IDUA activity was measured in homogenates of mice brains prepared from MPS-I knockout mice, at 0, 72, and 96 hours after intravenous injection of IDUAL17. Figure 5A shows that a single injection of IDUAL17 restores the IDUA enzymatic activity in MPS-I knockout mice brain homogenate. Figure 5B shows that a single injection of IDUAL17 also restores IDUA enzymatic activity in the liver of MPS-I knockout mice.

Example 5. Effect of conjugates on GAG accumulation in the brain and liver in hemizygous IDUA knock out mice

Protocol

Male hemizygous IDUA gene knock-out mice (supplied by the Laboratory of Dr. Lome Clarke at British Columbia University, Dept of Medical Genetics) aged between 21 -23 weeks were dosed via injection into the caudal vein once a week for 4 weeks. Male wild type animals (23 weeks old) were used in test group 1 as a control.

As shown in Figures 6A and 6B, IDUAL17 was able to reduce GAG levels in the brain and liver by greater than 66% after 96 hours.
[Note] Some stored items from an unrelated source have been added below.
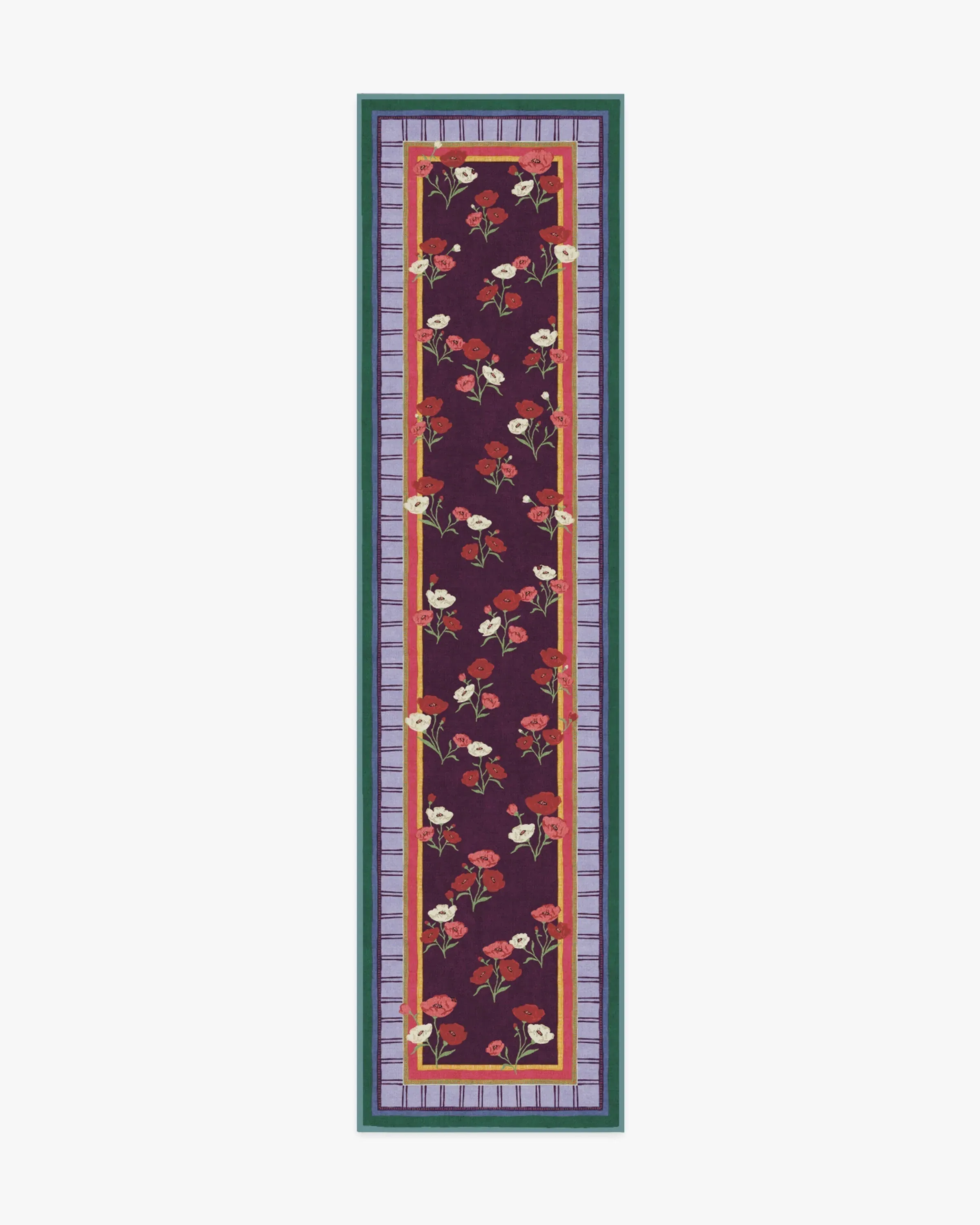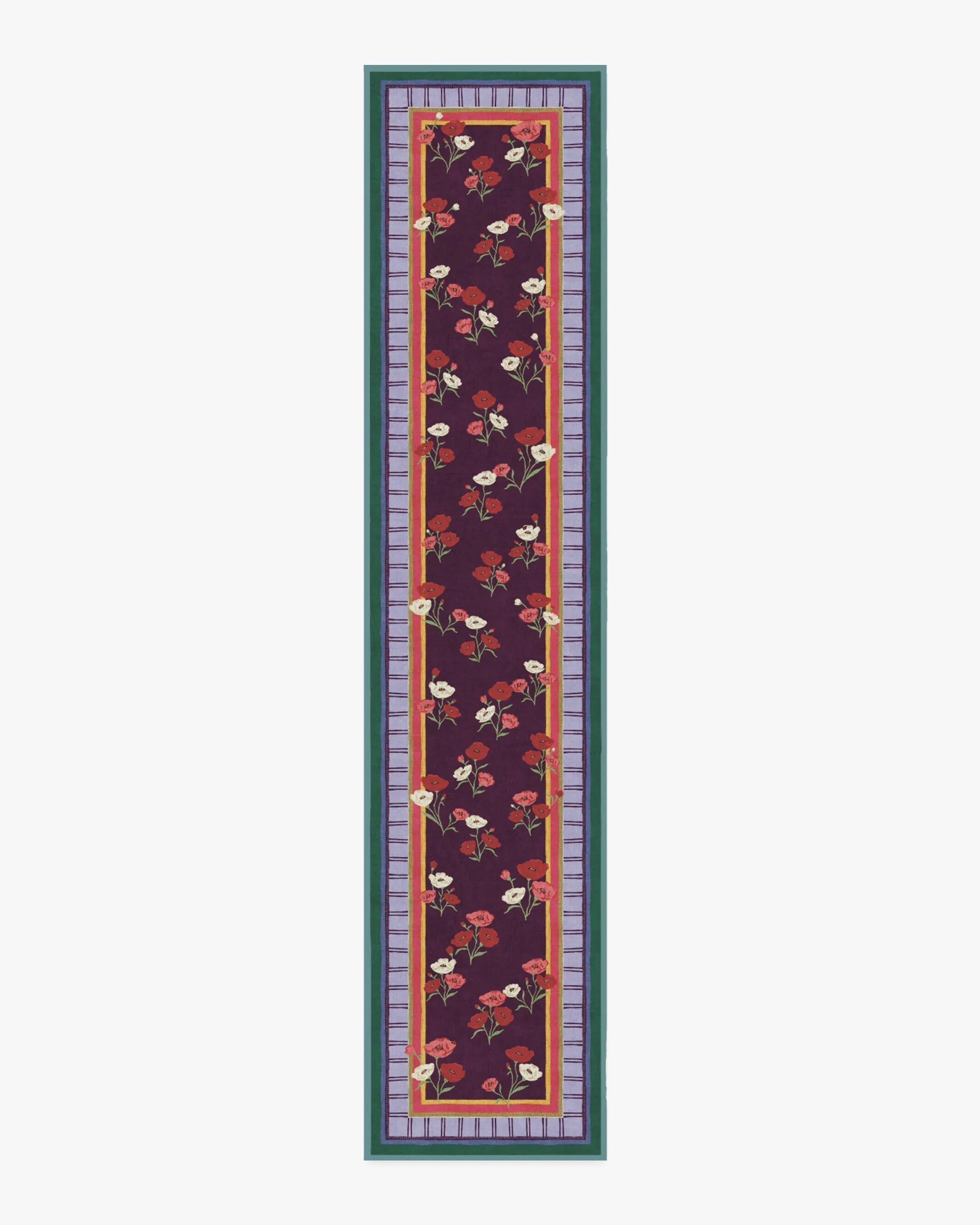 BACK BY POPULAR DEMAND: Step into a garden of creativity with our Iris Apfel Ambroeus Royal Plum Tufted Rug. Inspired by Iris' collection of vintage textiles and heirloom, hand-painted scarves, this blooming design features delicate floral motifs with������ladybirds hidden among the petals. An intricate border with varied line widths complements the crimson, pink, and white poppies that stretch beautifully against a royal plum background. Bright marigold, pinks, light purples, and deep blue-green blend in the lively-coloured border. Water-resistant, stain-resistant, and machine-washable. Rug colours may vary slightly according to your device and the lighting in your space. 60x90 | Machine Washable Area Rug | Kid & Pet Friendly | Indoor Rugs | Ambroeus Royal Plum Rug by Iris Apfel | Ruggable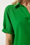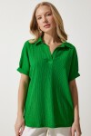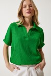 Polo yaka, düşük omuzlu, esnek yapılı, geniş kesim, örme krinkıl bluz
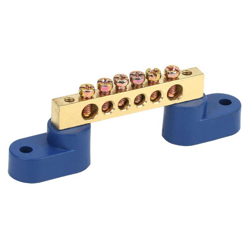 Шина ''N'' нулевая 6х9 мм на двух угловых синих изоляторах 6 групп 11-2325 REXANT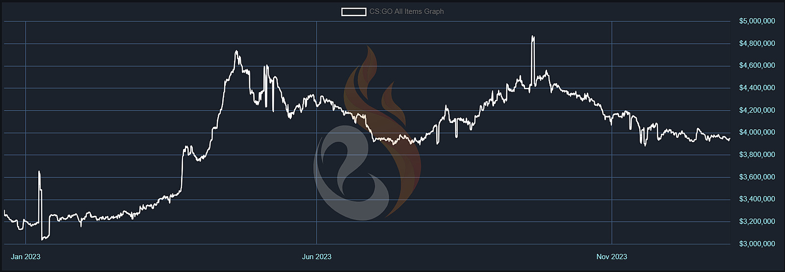 - CS2 skin prices stabilized after November 2023 lows, with premium items showing slight recovery while budget skins remain volatile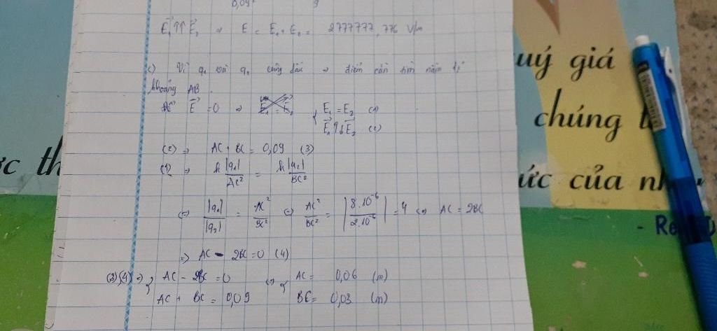 Để xảy ra $(2)$ thì $\dfrac{k.|q_1|}{AM^2}=$ $\dfrac{k.|q_2|}{BM^2}$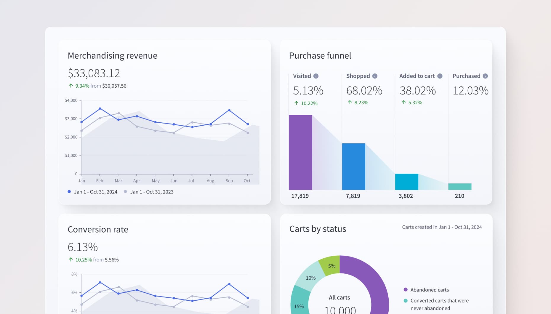 Med kraftige, innebygde analyseverktøy i alle abonnementer kan du følge med på virksomheten din og gjøre justeringer for å øke veksten. I tillegg kan vår voksende pakke med AI-verktøy gjøre de daglige oppgavene raskere og redusere arbeidet med å drive virksomheten.

Example 6. Effect of conjugates on GM3 accumulation in the brain in hemizygous IDUA knock out mice

To determine the effect of dendrimeric Angiopep-2-IDUA conjugates on GM3 accumulation in vivo, an animal study can be carried out using the following protocol: Twenty mice are used in this study. The mice are divided into 5 anonymous groups, 4 animals each. The mice are submitted to IDUA replacement treatment by administration with IDUA and An2- IDUA conjugates. The controls use IDUA-KO mice injected with vehicle and wild-type (VVT) mice. Brains are divided on left and right hemisphere. Right hemisphere is frozen, then cut into 15 microns sagittal or coronal sections. GM3 immunocytochemistry is performed using a mouse anti-GM3 monoclonal antibody, clone M2590 (Cosmo Bio C. Ltd. , cat. # NBT-M 101/M 102). This antibody recognizes GM3 and cross-react with Sialylpara globoside (NeuAc) and GM3 Lactone. Optical density (OD) measurement is performed using ImageJ software. The OD values represent a mean ± S. E. D. of GM3 levels evaluated in the brain entorhinal cortex.

Other embodiments

All patents, patent applications, and publications, including U.S. Application Nos. 61 ,660,564, filed June 15, 2012, 61/682,991 , filed August 12, 2012, 61/732, 189, filed November 30, 2012, and International Patent Application Nos. PCT/CA2013/050621 , filed August 12, 2013, and

PCT/CA2013/050453, filed June 14, 2013, mentioned in this specification are herein incorporated by reference to the same extent as if each independent patent, patent application, or publication was specifically and individually indicated to be incorporated by reference.